[Excerpts from Idealism Without Illusions: U.S. Foreign Policy in the 1990's, by George Weigel. 1994.]
State sovereignty, and the consequent immunity of states from interference in their "internal affairs" is not an exceptionless norm. By agreeing to certain international human rights agreements, for example, states have voluntarily limited their sovereign claims to non-interference in their internal practices. The nature of international public life today has also "internationalized" questions that would, in an earlier era, have been regarded as a state's domestic affairs. When innocent citizens of European and North American states are put at risk in European airports because of disputes over "self-determination" in the Middle East, those disputes (and the involvement of other states and terrorist organizations in them) cannot be considered the "internal affairs" of the states (and the organizations) involved.
Moral reasoning, too, leads us to conclude that the principle of state sovereignty must not be considered exceptionless. Suppose that Nazi Germany had forsworn aggression after recovering the Rhineland and the Sudentenland, and had proceeded to implement the "Final Solution" to the Judenfrage within its own internationally recognized borders. Would the principle of state sovereignty have meant that other states were forbidden to interfere in this German "internal affair"?

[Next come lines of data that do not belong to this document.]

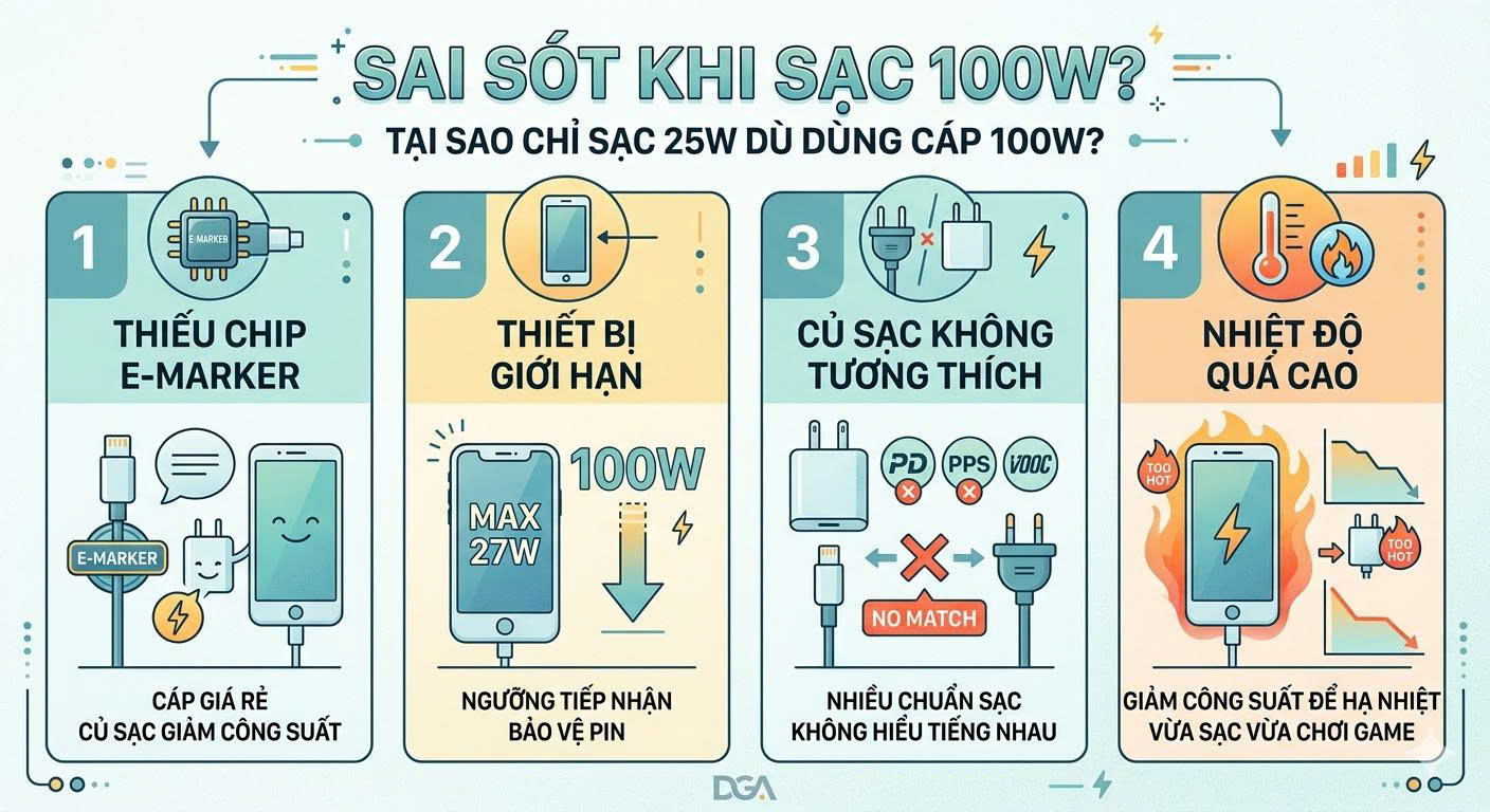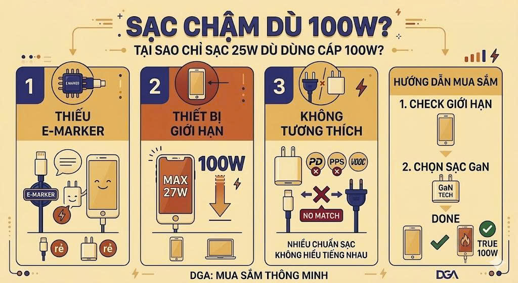 "Sự Thật Về Con Số 100W": Tại Sao Bạn Mua Cáp 100W Nhưng Sạc Mãi Chỉ Lên Được 25W?
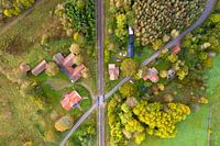 Lijnen doorkruisen een landschap in herfstkleuren, waartussen huizen staan verscholen. Het herfstseizoen is één van de mooiste jaargetijden in Zweden. De loofbomen kleuren geel, oranje en rood.
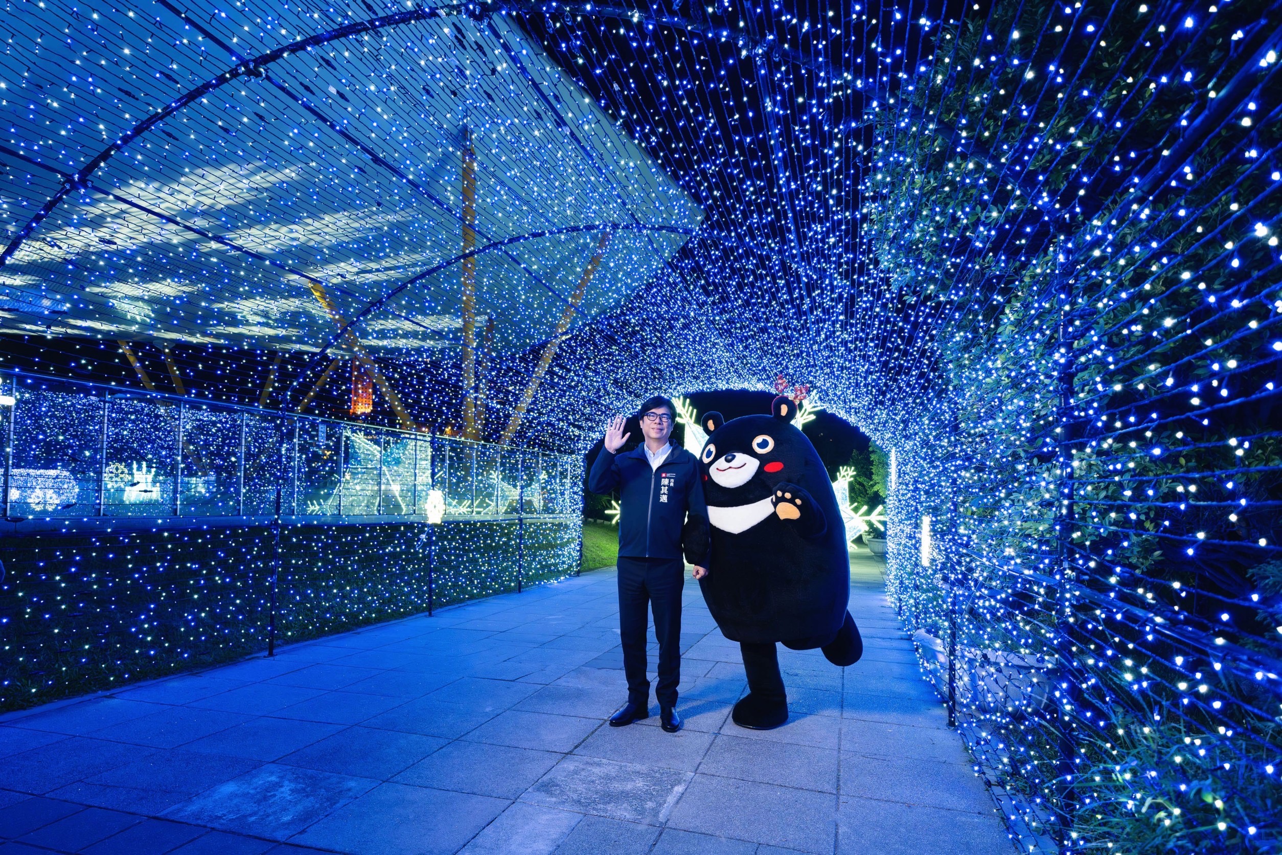 ↑圖說:陳其邁及高雄熊與聖誕主燈「森之樹」及「星海隧道」合照。(圖片來源:高雄市政府提供)
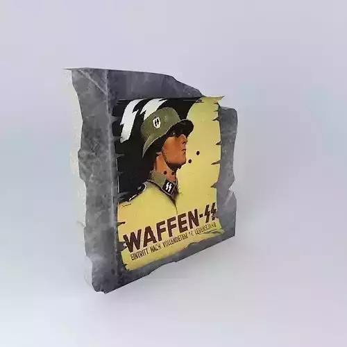 This 3D model was originally created with Sketchup 8 and then converted to all other 3D formats. Native format is .skp 3dsmax scene is 3ds Max 2016 version, rendered with Vray 3.00 Just one of the Many Posters at that time... This one was Posted to ask for Natzi Party Volunteers in War Torn Europe!... This is a Low Poly Model .... only 230 Kbs....

Most reasonable people today would regard a positive answer to that question as morally absurd. But suppose an Indian government, controlled by militant Hindu nationalists and capable of deploying nuclear weapons, decided to settle the "Pakistan problem" and redress what it considered to be the fundamental injustice of the 1947 partition of the subcontinent, using its claims to sovereignty in Kashmir as the opening wedge for military action. Or at a somewhat less apocolyptic level, suppose the government of Turkey decided to rid itself of the Kurds in the manner in which it had once decided to rid itself of the Armenians. Does the principle of state sovereignty mean these affairs would be no one else's business? Would it constitute a fundamental breach of the principle of sovereignty of an international force -- or an individual state, for that matter -- intervened to stop the genocide of Christian tribesmen in the south of Sudan?
Put that way, the question seems to answer itself: whatever else it might mean, the principle of state sovereignty cannot mean that states are free to engage in the indiscriminate slaughter of religious, racial, or ethnic minorities within their borders. When that is taking place, othes have a right -- perhaps even a duty -- to intervene to stop the killing.